## Exercise objective:
Restate word for word the part of the material that runs from the line containing "Для отделки использован" through its final line, inclusive, minus the pictures.

(Supplied information begins)

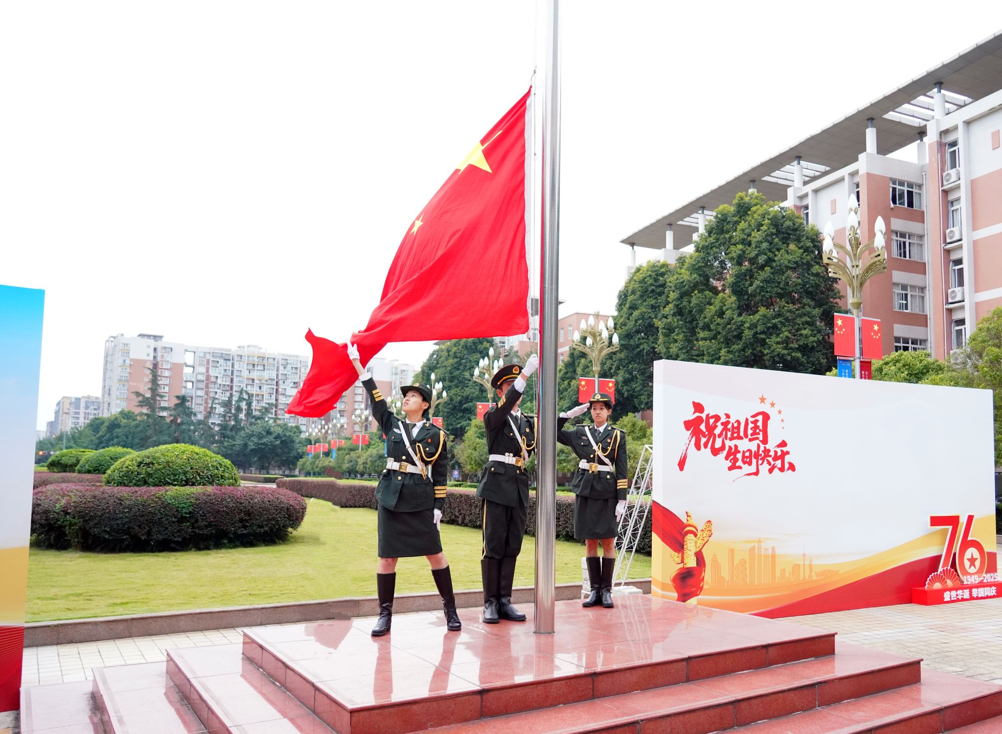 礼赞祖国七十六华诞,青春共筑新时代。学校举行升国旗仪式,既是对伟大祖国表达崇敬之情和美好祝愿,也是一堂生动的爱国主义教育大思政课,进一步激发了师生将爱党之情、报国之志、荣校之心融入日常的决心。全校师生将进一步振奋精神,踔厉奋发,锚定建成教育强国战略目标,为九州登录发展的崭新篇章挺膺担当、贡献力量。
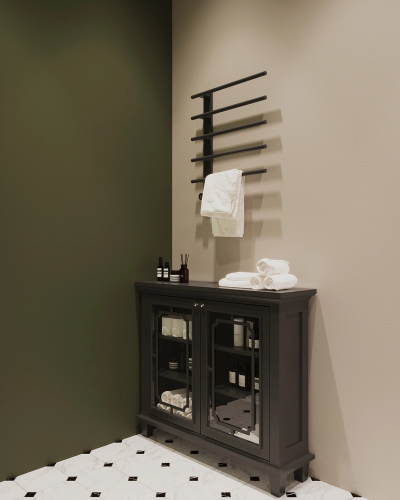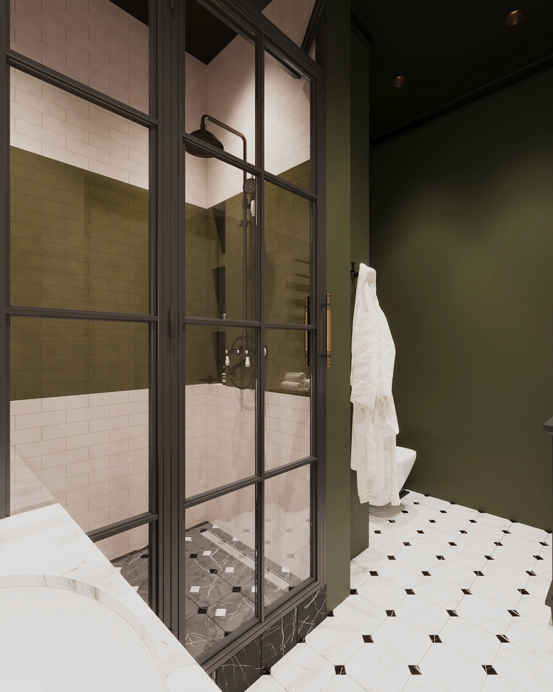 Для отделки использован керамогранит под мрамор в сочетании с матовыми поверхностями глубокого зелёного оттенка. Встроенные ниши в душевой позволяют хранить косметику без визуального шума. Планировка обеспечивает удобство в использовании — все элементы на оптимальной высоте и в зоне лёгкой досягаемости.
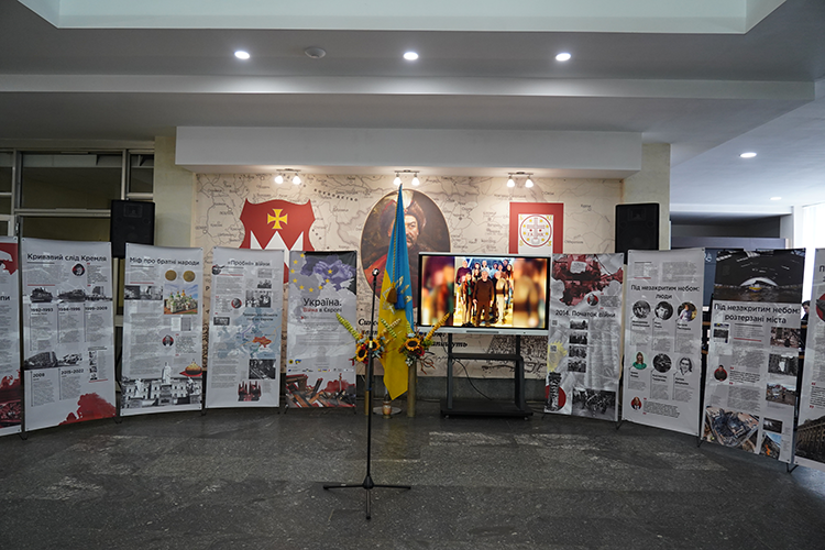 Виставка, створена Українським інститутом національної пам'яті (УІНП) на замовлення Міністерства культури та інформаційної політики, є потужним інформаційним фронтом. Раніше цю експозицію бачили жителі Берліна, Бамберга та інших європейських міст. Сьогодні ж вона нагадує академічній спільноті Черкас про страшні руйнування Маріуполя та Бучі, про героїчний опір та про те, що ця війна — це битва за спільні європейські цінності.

(Supplied information ends)

## Task solution:
 Для отделки использован керамогранит под мрамор в сочетании с матовыми поверхностями глубокого зелёного оттенка. Встроенные ниши в душевой позволяют хранить косметику без визуального шума. Планировка обеспечивает удобство в использовании — все элементы на оптимальной высоте и в зоне лёгкой досягаемости.
 Виставка, створена Українським інститутом національної пам'яті (УІНП) на замовлення Міністерства культури та інформаційної політики, є потужним інформаційним фронтом. Раніше цю експозицію бачили жителі Берліна, Бамберга та інших європейських міст. Сьогодні ж вона нагадує академічній спільноті Черкас про страшні руйнування Маріуполя та Бучі, про героїчний опір та про те, що ця війна — це битва за спільні європейські цінності.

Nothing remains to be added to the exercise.